30 Years and Counting for Voyager 2

It was thirty years ago today that the Voyager 2 spacecraft was launched from Florida for a grand tour of the outer solar system. (Voyager 1 was launched two weeks later; the details of their trajectories led Voyager 2 on a slower path to the outer solar system, so while launching later, Voyager 1 actually got to Jupiter and Saturn first.) At the time of launch it was not known if there would be funding for Voyager 2 to continue to Uranus and Neptune and become the only spacecraft (still) to explore those planets at close range. I have a special fondness for the mission because the data returned from the flyby of the outermost two planets in the solar system formed the core of my Ph.D. dissertation.

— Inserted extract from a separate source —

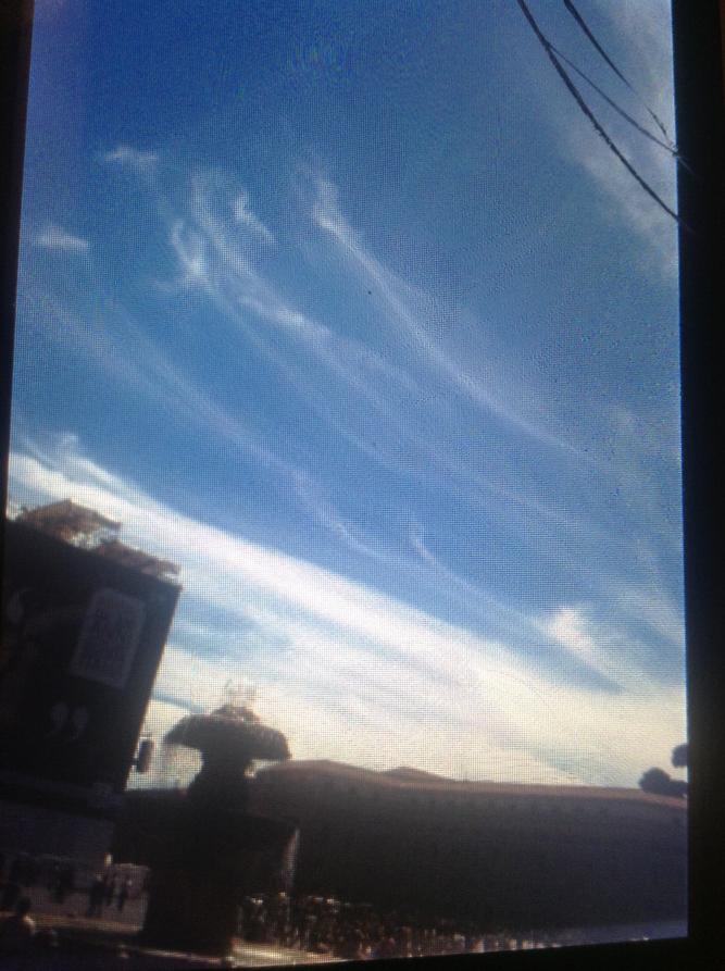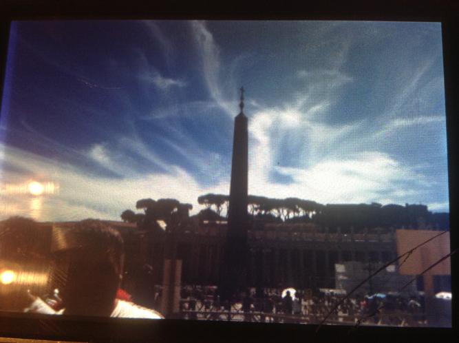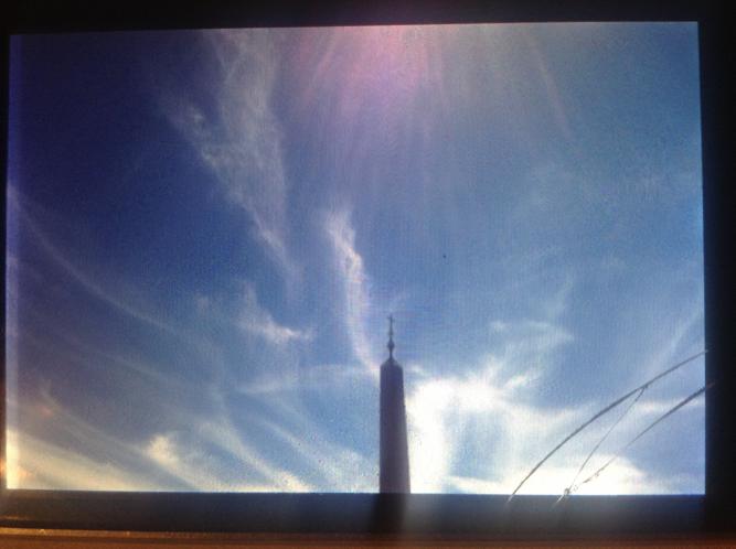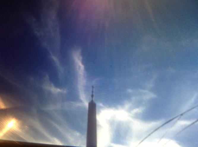 Они поочередно мне передавали, чтобы я расслабилась и не волновалась. Николай Угодник сказал мне сделать круг по часовой стрелке на площади у Собора Св. Петра, а затем, когда все будут слушать историю, выстроить семь мостов от купола. Если бы вы видели, Татьяна, какой в тот момент был рисунок на небе!!! Как салют, как стрелы, я сфотографировала. Потом мне было сказано, что и на этом работа не закончена, и я должна выйти на связь непосредственно из Храма. Там мне постоянно напоминали дышать, дышать..., при этом дыхание у меня было глубокое, ровное и радостное! От жары 36 градусов мне было в Храме неважно. Но я слышала: не волнуйся, всё под контролем, мы с тобой и работаем, и контролируем (я ощущала как будто охлаждение над головой). Потом про меня как бы забыли, на выходе из Храма я обратила внимание, что рисунок на небе исчез, и оно просто голубое. Я расстроилась и подумала, что, наверно, не так работала .

Voyager 2 is about 12 light-hours from Earth and is operating with about 300 Watts of power from its radio-isotope thermoelectric generators (RTGs). Its scientific mission continues with measurements of the magnetic field and charged particle densities as the spacecraft drifts across the boundary between the heliosphere and interstellar space. This is as good a definition as any for the edge of the solar system - the location where the background plasma is no longer dominated by streaming solar wind electrons and protons from the Sun but by the interstellar medium. There are comets gravitationally bound to the Sun much further away than Voyager 2 right now, but you’d have to go a fair way toward the nearest star to pass the Oort cloud of comets.